Problem description
Return the entries below verbatim. Pictures stay out.

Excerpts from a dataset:
⁂

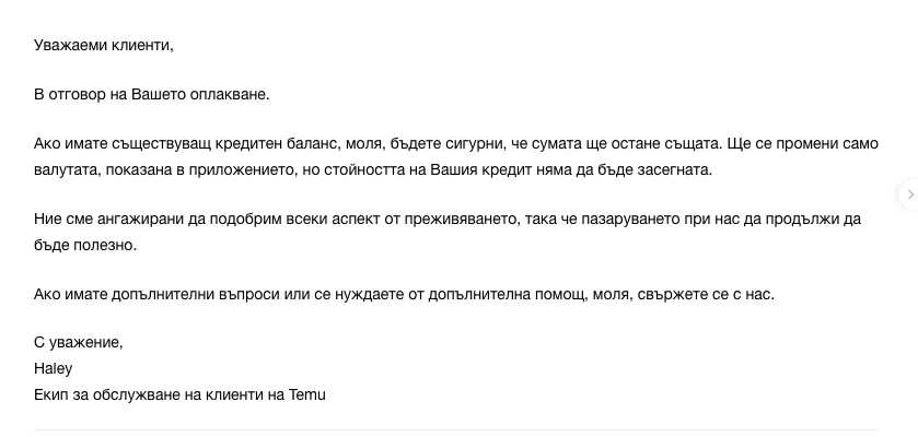 Много благодаря за отговора, но не мисля че ми върши работа. Когато аз  променя валутата от левове в евро парите които имам в левове в евро ги няма. Проблемът не е дали аз искам или не искам да ги преобразувам, а България от първи януари официално приема еврото като собствена валута. Всички институции и банки в България автоматично преобразуват парите на гражданите от левове в евро по фиксинга на Българска народна банка. Говоря и  от името на много ваши клиенти във форуми, ние смятаме че е редно и ТЕМУ да преобразува кредитите на българите от левове в евро на 1 януари 2026 година. Въпросът ми е следния Какво ще се случи с моя кредит в левове когато настъпи новата година и лева вече няма да съществува. Много благодаря за отделеното внимание. Очаквам конкретен отговор.
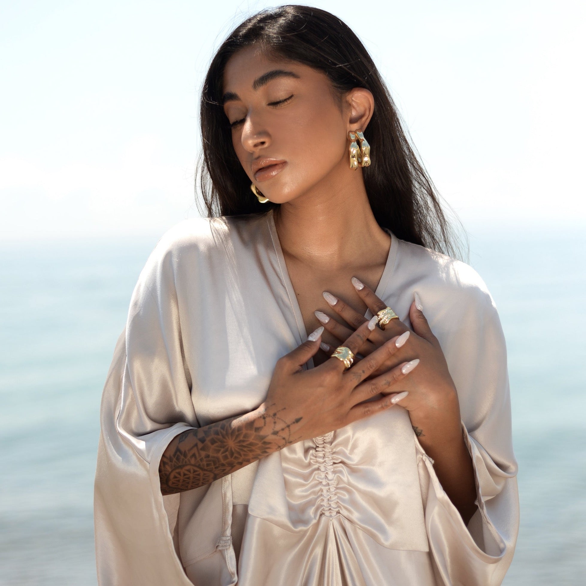 Faites preuve d'audace avec ces anneaux Shara. Nommé d'après Shara et inspiré par ses origines sud-asiatiques, le style luxueux de ces anneaux vous fera vous sentir belle et unique. Faites tourner les têtes avec nos cerceaux Shara.
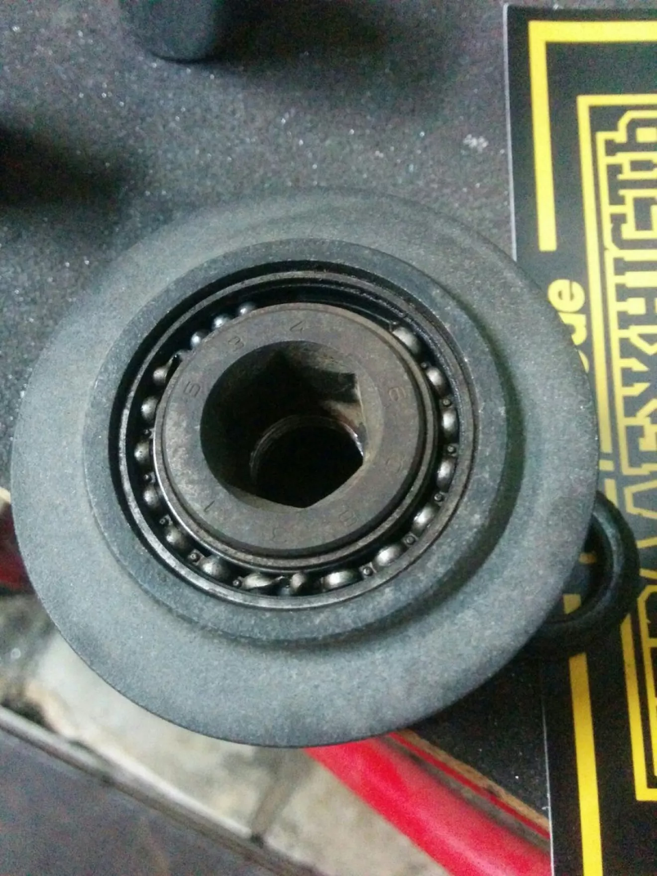 и с полтыка открутил шкив, снял шайбу с вала ( для установки муфты фирмы INA, нужно снять шайбу которая находится под старой муфтой) и таким же образом, только при помощи уже другой "спецальной" головки для обгонной муфты генератора
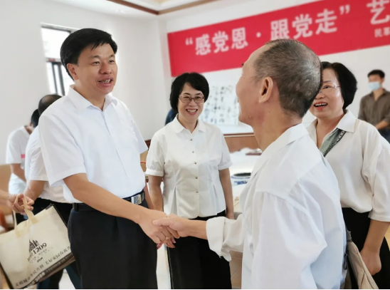 当天的作品展中,陶设师生与艺术家们热情交流创作体会。钦州市委书记、城市品质提升行动指挥部总指挥长许永锞也来到现场,他在参观作品展时与pp电子师生亲切交流,并勉励大家“努力创作,生动讲好钦州故事,让传统文化活起来。”
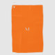Golf towel with neon orange solid colour background and white font .Simple and trendy design by Alma Wad .Personalise it with your monogram now ..
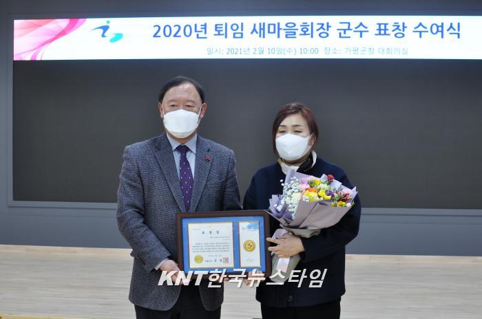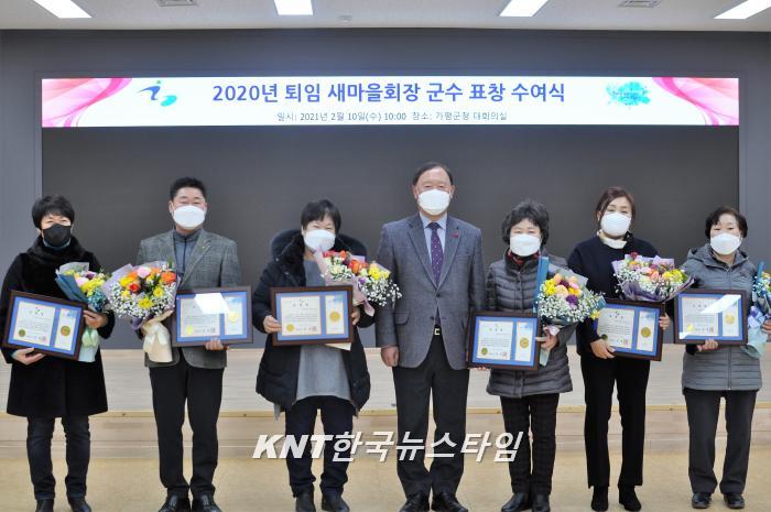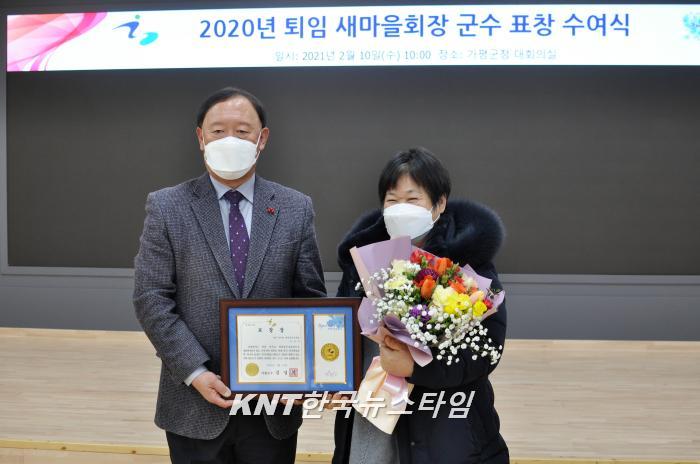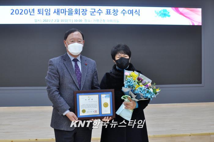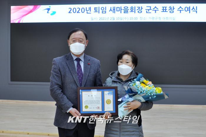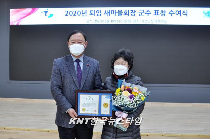 가평군 읍.면 새마을회 회장으로 재임하는 동안 지역발전을 위해 헌신봉사하고 희망과 행복이 있는 미래창조도시 실현에 기여한 공로로 표창을 실시 한 이날 표창에는 박창용 새마을지도자설악면협의회장, 김완희 가평읍내9리 부녀회장, 오옥례 설악면 천안1리 부녀회장, 김묘숙 청평면 상천1리 부녀회장, 송양분 조종면 현5리 부녀회장, 북면 적목리 부녀회장 6명이다.

⁂

Answer to this exercise
 Много благодаря за отговора, но не мисля че ми върши работа. Когато аз  променя валутата от левове в евро парите които имам в левове в евро ги няма. Проблемът не е дали аз искам или не искам да ги преобразувам, а България от първи януари официално приема еврото като собствена валута. Всички институции и банки в България автоматично преобразуват парите на гражданите от левове в евро по фиксинга на Българска народна банка. Говоря и  от името на много ваши клиенти във форуми, ние смятаме че е редно и ТЕМУ да преобразува кредитите на българите от левове в евро на 1 януари 2026 година. Въпросът ми е следния Какво ще се случи с моя кредит в левове когато настъпи новата година и лева вече няма да съществува. Много благодаря за отделеното внимание. Очаквам конкретен отговор.
 Faites preuve d'audace avec ces anneaux Shara. Nommé d'après Shara et inspiré par ses origines sud-asiatiques, le style luxueux de ces anneaux vous fera vous sentir belle et unique. Faites tourner les têtes avec nos cerceaux Shara.
 и с полтыка открутил шкив, снял шайбу с вала ( для установки муфты фирмы INA, нужно снять шайбу которая находится под старой муфтой) и таким же образом, только при помощи уже другой "спецальной" головки для обгонной муфты генератора
 当天的作品展中,陶设师生与艺术家们热情交流创作体会。钦州市委书记、城市品质提升行动指挥部总指挥长许永锞也来到现场,他在参观作品展时与pp电子师生亲切交流,并勉励大家“努力创作,生动讲好钦州故事,让传统文化活起来。”
Golf towel with neon orange solid colour background and white font .Simple and trendy design by Alma Wad .Personalise it with your monogram now ..
 가평군 읍.면 새마을회 회장으로 재임하는 동안 지역발전을 위해 헌신봉사하고 희망과 행복이 있는 미래창조도시 실현에 기여한 공로로 표창을 실시 한 이날 표창에는 박창용 새마을지도자설악면협의회장, 김완희 가평읍내9리 부녀회장, 오옥례 설악면 천안1리 부녀회장, 김묘숙 청평면 상천1리 부녀회장, 송양분 조종면 현5리 부녀회장, 북면 적목리 부녀회장 6명이다.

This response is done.